_TASK STATEMENT_. Copy the data exactly. Images are to be left out.

:: SOURCE MATERIAL ::

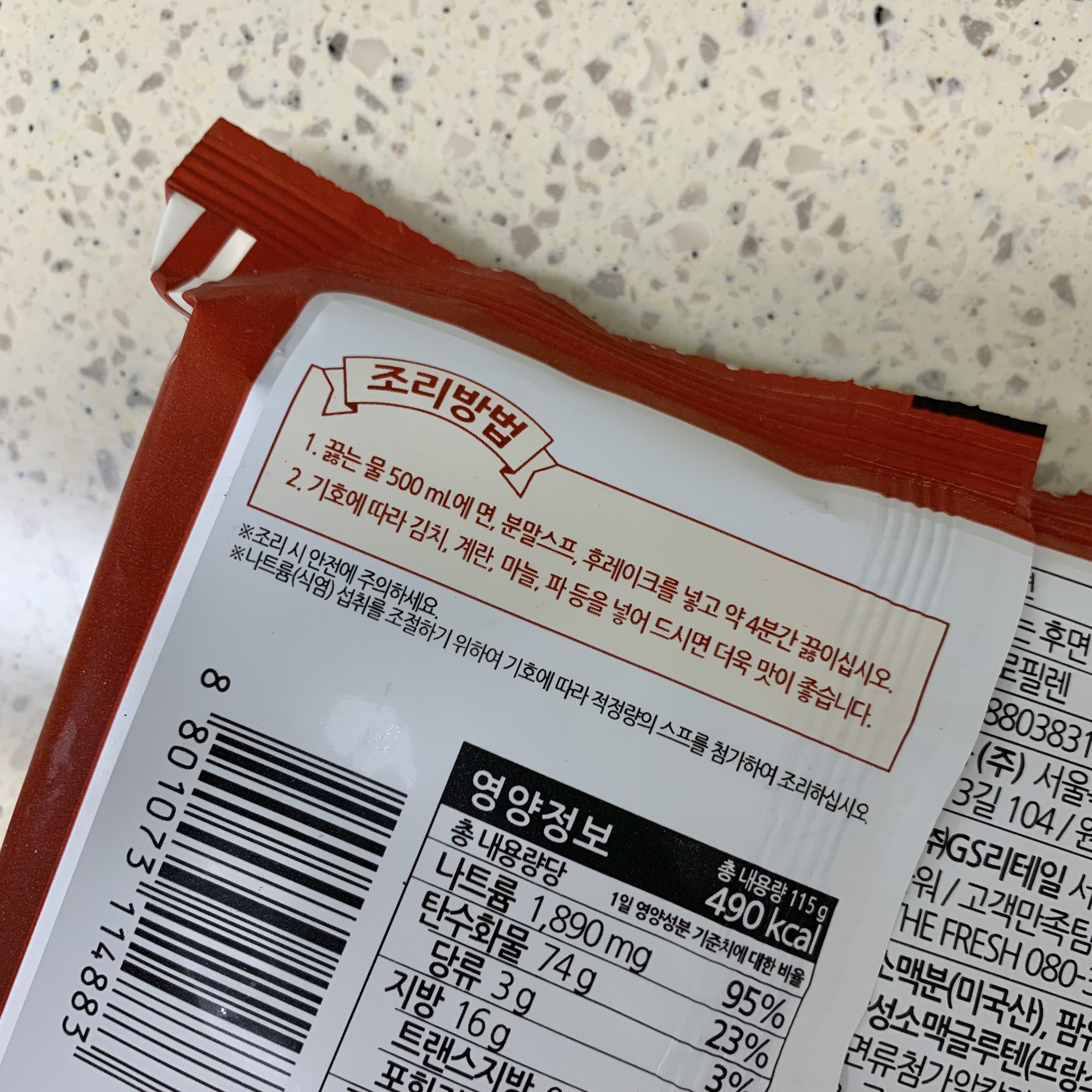 조리방법은 끓는 물 500mL에 면과, 분말스프, 건더기 스프를 넣고 약 4분간 더 끓이라고 나와있네요.
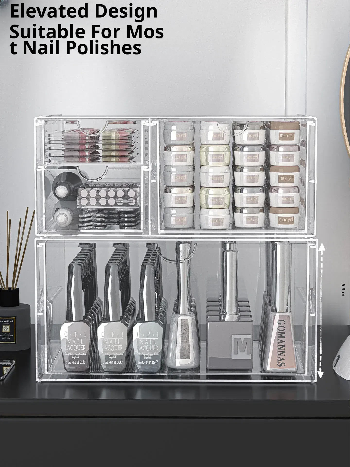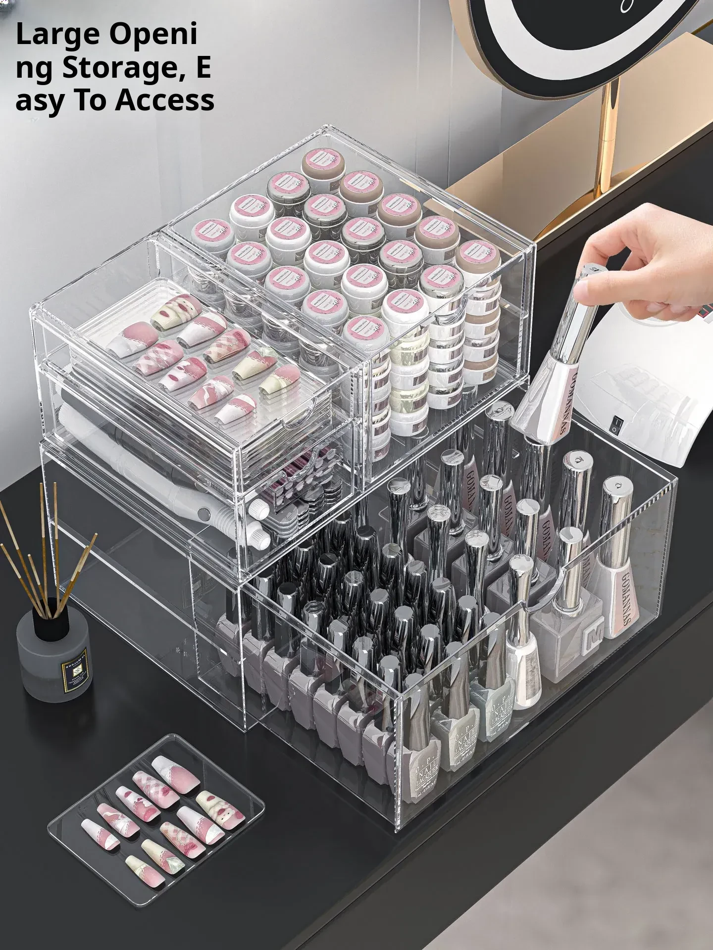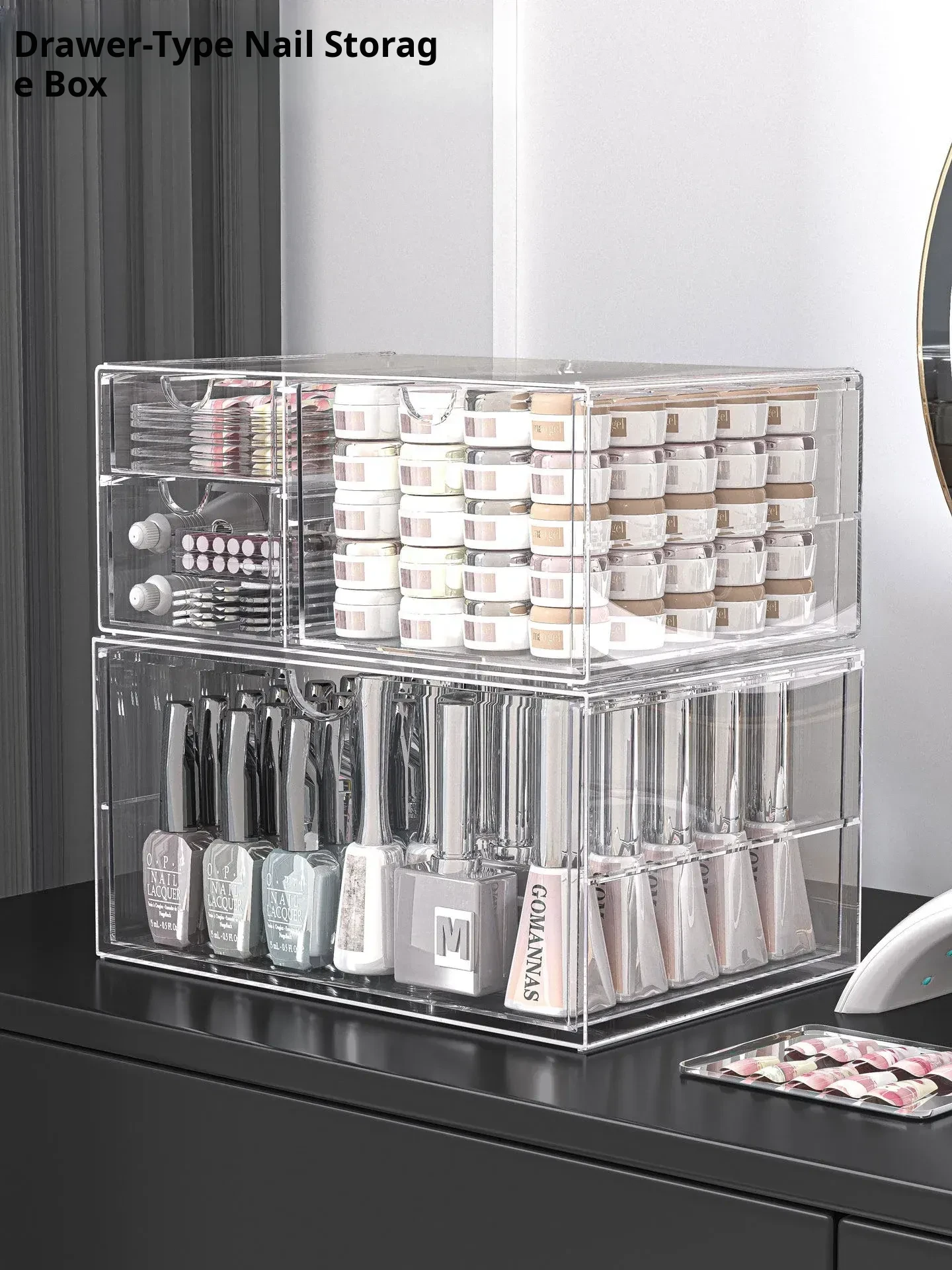 Transparent Nail Polish Organizer Box - Desktop Nail Art Toolbox with Drawers for Home Use, Perfect for Gel Polish and Nail Accessories Storage
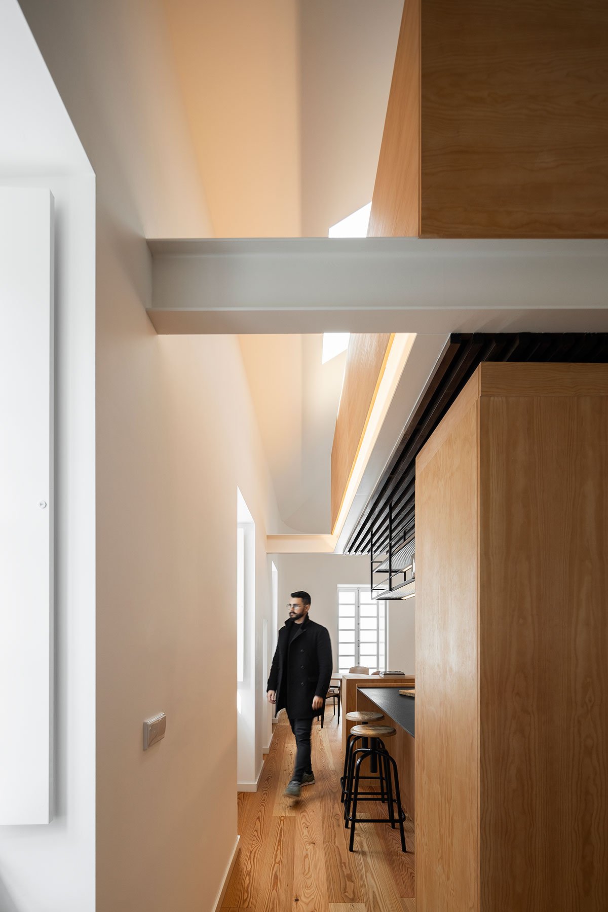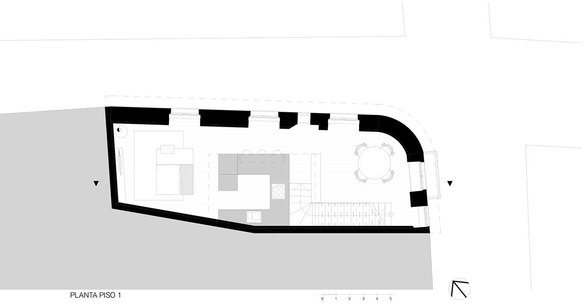[Text as submitted by architect] This house is located in Castelo Branco, in the old part of the city, which has been in an increasing state of decline in recent years. In response to this trend, this project was aimed at taking on the contours of an archetype, in an attempt to establish a trend in the urban occupancy of the city: urban revitalisation of the historic centre and its occupancy by younger age groups, making this part of the city more dynamic once more.

:::

_REPLY_.
 조리방법은 끓는 물 500mL에 면과, 분말스프, 건더기 스프를 넣고 약 4분간 더 끓이라고 나와있네요.
 Transparent Nail Polish Organizer Box - Desktop Nail Art Toolbox with Drawers for Home Use, Perfect for Gel Polish and Nail Accessories Storage
[Text as submitted by architect] This house is located in Castelo Branco, in the old part of the city, which has been in an increasing state of decline in recent years. In response to this trend, this project was aimed at taking on the contours of an archetype, in an attempt to establish a trend in the urban occupancy of the city: urban revitalisation of the historic centre and its occupancy by younger age groups, making this part of the city more dynamic once more.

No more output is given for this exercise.